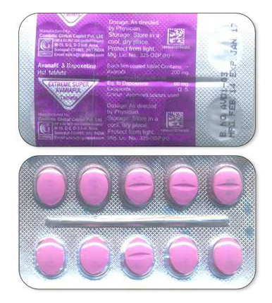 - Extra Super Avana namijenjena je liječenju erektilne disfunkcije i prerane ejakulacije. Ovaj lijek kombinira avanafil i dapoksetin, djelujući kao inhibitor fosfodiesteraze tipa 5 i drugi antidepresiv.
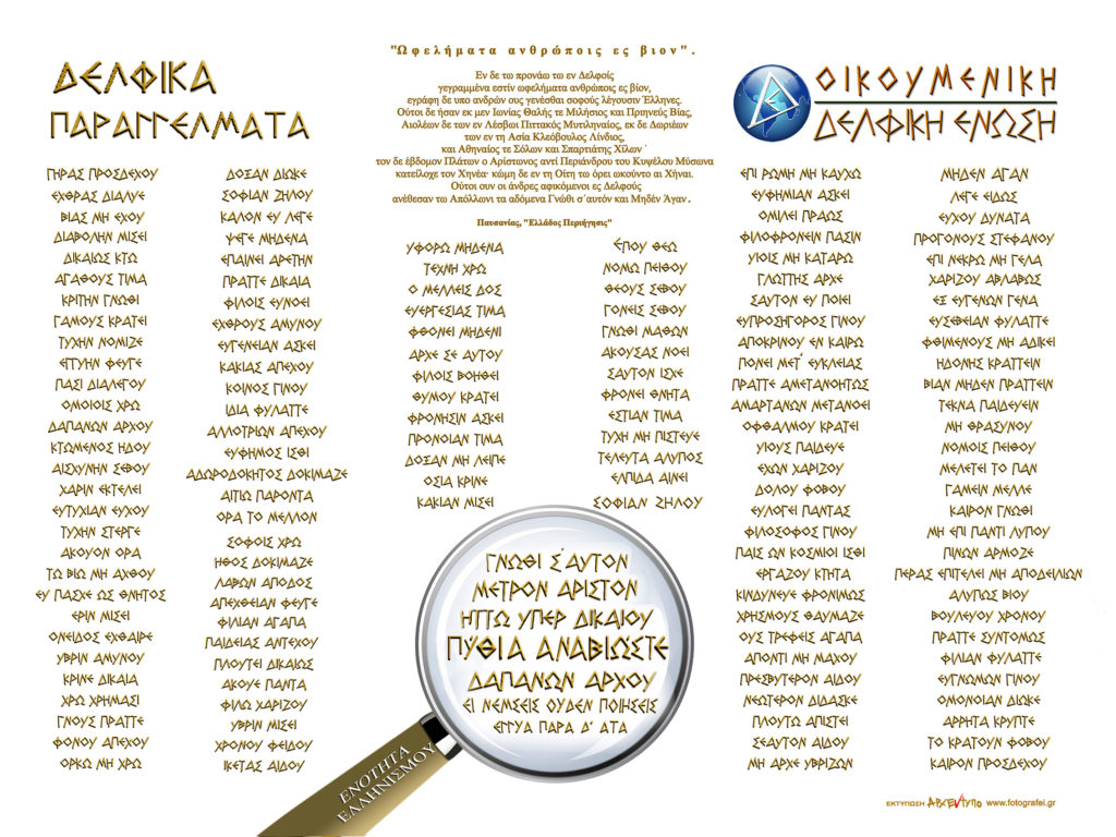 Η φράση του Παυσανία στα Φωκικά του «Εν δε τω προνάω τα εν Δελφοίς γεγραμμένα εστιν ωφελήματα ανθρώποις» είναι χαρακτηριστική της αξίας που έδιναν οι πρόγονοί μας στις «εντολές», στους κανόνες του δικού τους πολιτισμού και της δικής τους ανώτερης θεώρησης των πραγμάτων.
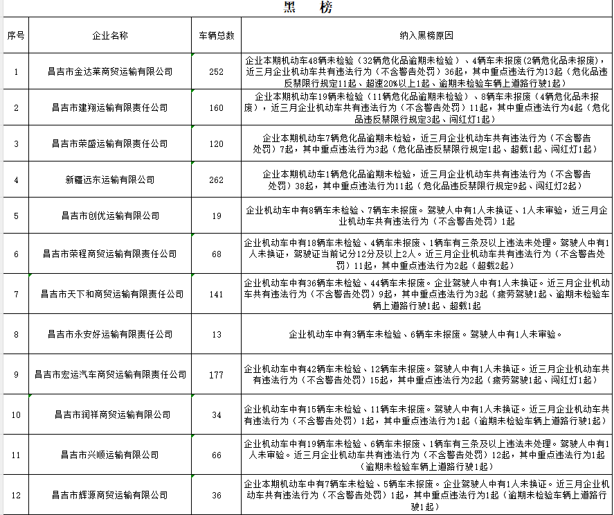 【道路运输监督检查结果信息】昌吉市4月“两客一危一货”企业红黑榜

________________

*WHAT IS REQUIRED*
In the reply, every line of the material above is to be reproduced verbatim, and the images are to be left out.

*TASK SOLUTION*
 - Extra Super Avana namijenjena je liječenju erektilne disfunkcije i prerane ejakulacije. Ovaj lijek kombinira avanafil i dapoksetin, djelujući kao inhibitor fosfodiesteraze tipa 5 i drugi antidepresiv.
 Η φράση του Παυσανία στα Φωκικά του «Εν δε τω προνάω τα εν Δελφοίς γεγραμμένα εστιν ωφελήματα ανθρώποις» είναι χαρακτηριστική της αξίας που έδιναν οι πρόγονοί μας στις «εντολές», στους κανόνες του δικού τους πολιτισμού και της δικής τους ανώτερης θεώρησης των πραγμάτων.
 【道路运输监督检查结果信息】昌吉市4月“两客一危一货”企业红黑榜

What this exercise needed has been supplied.